# Electric field around a light bulb

1. May 30, 2010

### DeShark

1. The problem statement, all variables and given/known data

What is the peak electric field 2 metres away from a 60W light bulb. Assume that the light emits light evenly in all directions (spherically uniform).

2. Relevant equations

I figure that this is to do with the poynting vector.
$$S = \frac{1}{\mu_0}(\vec{E} \times \vec{B})$$

3. The attempt at a solution

The total surface integral of the poynting vector at 2 metres away from the bulb should give 60W. From this, the E field can be worked out (Since the magnitude of B is E/mu).

i.e.

$$\int{\vec{S} \cdot \vec{dA}} = \int{\frac{1}{\mu_0}(\vec{E} \times \vec{B}) \cdot \vec{dA}}$$
and since the emission is spherically symmetric, S can be taken outside of the integral. This gives that
$$\frac{1}{\mu_0}(\vec{E} \times \vec{B}) \times \frac{4}{3}\pi 2^2 = 60$$ (r=2)

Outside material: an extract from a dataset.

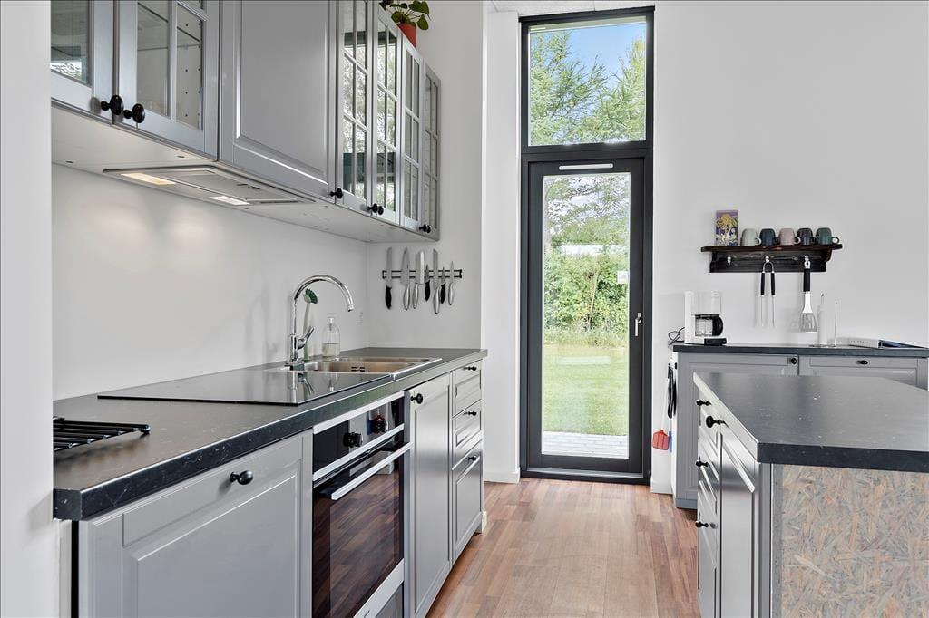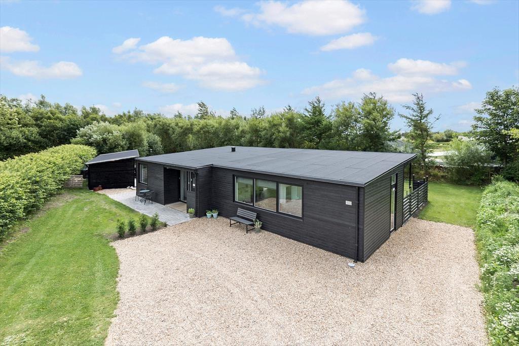 Sommerhuset er en flot og velindrettet kvalitetsejendom, der er opført så sent som i 2020. Hele 101 m2 får I at gøre godt med inden døre, og med otte sengepladser fordelt på fire soveværelser kan I roligt invitere hele familien eller en flok gode venner med på ferie. Er I mange samlet, vil I sikkert værdsætte, at der er to badeværelser i huset – og I vil nok også blive glade for husets dejlige opholdsrum med åbent køkken, hvor det er hyggeligt at samles til lækre måltider, gode samtaler, spil og andre former for feriehygge. Som en skøn detalje er der høje glasdøre i tre af soveværelserne, ved køkkenet og i stuen. Det giver ikke bare et smukt lysindfald i huset, men gør det også nemt at flytte en stor del af ferieaktiviteterne ud i det fri, så snart solen skinner.

Since [STRIKE]$$B_0 = \frac{E_0}{\mu_0}$$[/STRIKE]

$$E_0 = \frac{B_0}{\mu_0}$$​
this means that $$E_0 = \sqrt{\frac{60 \times {\mu_0}^2}{\frac{4}{3}\pi\times 4}} = 0.0021 Vm^{-1}$$

Is this correct?

Last edited: May 31, 2010
2. May 30, 2010

### Antiphon

No. The 60 watts isn't radiated away except as blackbody radiation. Although that counts, the exercise might be about the dipole electric field of a 120 volt generator connected to a 240 ohm resistor.

Edit: you're probably right. The problem says that the light goes in all directions, not that the filament has such and such dimensions.

3. May 31, 2010

### zzzoak

Sorry I noticed an error (area of the sphere)
$$A=4 \pi r^2$$

4. Jun 1, 2010

### DeShark

Haha, that's embarrassing! I'd also forgotten to square the mu_0 in my numerical answer.

That gives that the final answer is 0.00000137 Vm^-1 or 1.37 microvolts.

5. Jun 3, 2010

### DeShark

In addition, B_0 doesn't equal mu_0 times E_0, it equals c times E_0!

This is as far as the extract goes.